◆ **PROBLEM TO WORK ON**
All lines holding the string "with" should be copied from the data below.

◆ **Extracted records**
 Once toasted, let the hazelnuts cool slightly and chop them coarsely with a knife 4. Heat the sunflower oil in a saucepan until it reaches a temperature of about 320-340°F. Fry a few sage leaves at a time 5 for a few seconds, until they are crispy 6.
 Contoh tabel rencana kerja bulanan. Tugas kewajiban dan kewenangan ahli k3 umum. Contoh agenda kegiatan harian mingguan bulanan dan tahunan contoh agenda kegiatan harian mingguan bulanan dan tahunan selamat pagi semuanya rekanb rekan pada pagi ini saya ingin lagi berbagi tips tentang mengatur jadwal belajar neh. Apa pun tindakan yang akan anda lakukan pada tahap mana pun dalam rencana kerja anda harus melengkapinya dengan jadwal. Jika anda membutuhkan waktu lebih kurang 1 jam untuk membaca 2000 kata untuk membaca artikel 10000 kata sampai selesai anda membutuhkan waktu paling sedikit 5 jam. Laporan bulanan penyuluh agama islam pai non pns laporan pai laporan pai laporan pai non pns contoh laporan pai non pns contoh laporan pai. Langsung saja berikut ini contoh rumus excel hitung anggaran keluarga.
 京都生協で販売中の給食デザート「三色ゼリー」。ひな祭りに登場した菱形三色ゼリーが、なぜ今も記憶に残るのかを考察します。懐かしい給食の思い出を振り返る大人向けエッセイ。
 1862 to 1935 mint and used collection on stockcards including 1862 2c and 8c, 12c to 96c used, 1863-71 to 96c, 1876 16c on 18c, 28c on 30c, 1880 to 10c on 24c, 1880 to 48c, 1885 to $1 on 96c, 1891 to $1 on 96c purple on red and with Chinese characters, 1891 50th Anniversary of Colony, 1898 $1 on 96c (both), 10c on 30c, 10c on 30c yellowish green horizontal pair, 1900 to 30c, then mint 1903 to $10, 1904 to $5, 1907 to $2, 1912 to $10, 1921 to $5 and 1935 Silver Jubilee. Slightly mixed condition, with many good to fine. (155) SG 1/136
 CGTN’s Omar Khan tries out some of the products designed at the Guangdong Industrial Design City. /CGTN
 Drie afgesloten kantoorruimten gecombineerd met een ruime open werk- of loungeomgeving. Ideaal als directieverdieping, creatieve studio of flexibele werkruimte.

◆ **ANSWER**
 Once toasted, let the hazelnuts cool slightly and chop them coarsely with a knife 4. Heat the sunflower oil in a saucepan until it reaches a temperature of about 320-340°F. Fry a few sage leaves at a time 5 for a few seconds, until they are crispy 6.
 1862 to 1935 mint and used collection on stockcards including 1862 2c and 8c, 12c to 96c used, 1863-71 to 96c, 1876 16c on 18c, 28c on 30c, 1880 to 10c on 24c, 1880 to 48c, 1885 to $1 on 96c, 1891 to $1 on 96c purple on red and with Chinese characters, 1891 50th Anniversary of Colony, 1898 $1 on 96c (both), 10c on 30c, 10c on 30c yellowish green horizontal pair, 1900 to 30c, then mint 1903 to $10, 1904 to $5, 1907 to $2, 1912 to $10, 1921 to $5 and 1935 Silver Jubilee. Slightly mixed condition, with many good to fine. (155) SG 1/136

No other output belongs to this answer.